╭─ Data excerpts
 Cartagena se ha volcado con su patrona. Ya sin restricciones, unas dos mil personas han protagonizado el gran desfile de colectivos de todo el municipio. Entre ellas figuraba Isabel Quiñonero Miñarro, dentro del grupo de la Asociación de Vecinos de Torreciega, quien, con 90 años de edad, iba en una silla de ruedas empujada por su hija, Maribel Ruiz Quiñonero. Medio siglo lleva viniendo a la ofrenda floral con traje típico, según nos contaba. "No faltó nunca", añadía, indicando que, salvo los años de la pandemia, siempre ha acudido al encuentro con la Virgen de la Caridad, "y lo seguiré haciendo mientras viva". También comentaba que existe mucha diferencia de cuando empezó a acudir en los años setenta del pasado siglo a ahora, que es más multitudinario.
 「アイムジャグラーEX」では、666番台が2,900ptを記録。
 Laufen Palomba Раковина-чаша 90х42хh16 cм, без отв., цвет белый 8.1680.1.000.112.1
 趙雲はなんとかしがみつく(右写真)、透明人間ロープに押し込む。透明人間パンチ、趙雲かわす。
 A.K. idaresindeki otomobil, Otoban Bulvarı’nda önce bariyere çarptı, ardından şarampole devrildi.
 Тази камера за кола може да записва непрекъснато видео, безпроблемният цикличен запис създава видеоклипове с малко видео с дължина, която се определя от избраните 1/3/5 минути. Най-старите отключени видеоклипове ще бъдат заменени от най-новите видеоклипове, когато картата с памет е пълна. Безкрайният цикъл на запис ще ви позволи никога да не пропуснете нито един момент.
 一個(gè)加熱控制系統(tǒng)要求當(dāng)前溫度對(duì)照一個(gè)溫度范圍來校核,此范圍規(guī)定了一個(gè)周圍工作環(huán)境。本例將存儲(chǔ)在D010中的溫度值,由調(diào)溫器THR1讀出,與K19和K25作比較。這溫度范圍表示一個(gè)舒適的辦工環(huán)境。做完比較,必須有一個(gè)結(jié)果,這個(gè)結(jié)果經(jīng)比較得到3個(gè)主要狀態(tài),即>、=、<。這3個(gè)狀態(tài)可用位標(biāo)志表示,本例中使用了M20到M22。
╰─
* **About this exercise**: Copy out the entire material verbatim.

* **Task response**:
 Cartagena se ha volcado con su patrona. Ya sin restricciones, unas dos mil personas han protagonizado el gran desfile de colectivos de todo el municipio. Entre ellas figuraba Isabel Quiñonero Miñarro, dentro del grupo de la Asociación de Vecinos de Torreciega, quien, con 90 años de edad, iba en una silla de ruedas empujada por su hija, Maribel Ruiz Quiñonero. Medio siglo lleva viniendo a la ofrenda floral con traje típico, según nos contaba. "No faltó nunca", añadía, indicando que, salvo los años de la pandemia, siempre ha acudido al encuentro con la Virgen de la Caridad, "y lo seguiré haciendo mientras viva". También comentaba que existe mucha diferencia de cuando empezó a acudir en los años setenta del pasado siglo a ahora, que es más multitudinario.
 「アイムジャグラーEX」では、666番台が2,900ptを記録。
 Laufen Palomba Раковина-чаша 90х42хh16 cм, без отв., цвет белый 8.1680.1.000.112.1
 趙雲はなんとかしがみつく(右写真)、透明人間ロープに押し込む。透明人間パンチ、趙雲かわす。
 A.K. idaresindeki otomobil, Otoban Bulvarı’nda önce bariyere çarptı, ardından şarampole devrildi.
 Тази камера за кола може да записва непрекъснато видео, безпроблемният цикличен запис създава видеоклипове с малко видео с дължина, която се определя от избраните 1/3/5 минути. Най-старите отключени видеоклипове ще бъдат заменени от най-новите видеоклипове, когато картата с памет е пълна. Безкрайният цикъл на запис ще ви позволи никога да не пропуснете нито един момент.
 一個(gè)加熱控制系統(tǒng)要求當(dāng)前溫度對(duì)照一個(gè)溫度范圍來校核,此范圍規(guī)定了一個(gè)周圍工作環(huán)境。本例將存儲(chǔ)在D010中的溫度值,由調(diào)溫器THR1讀出,與K19和K25作比較。這溫度范圍表示一個(gè)舒適的辦工環(huán)境。做完比較,必須有一個(gè)結(jié)果,這個(gè)結(jié)果經(jīng)比較得到3個(gè)主要狀態(tài),即>、=、<。這3個(gè)狀態(tài)可用位標(biāo)志表示,本例中使用了M20到M22。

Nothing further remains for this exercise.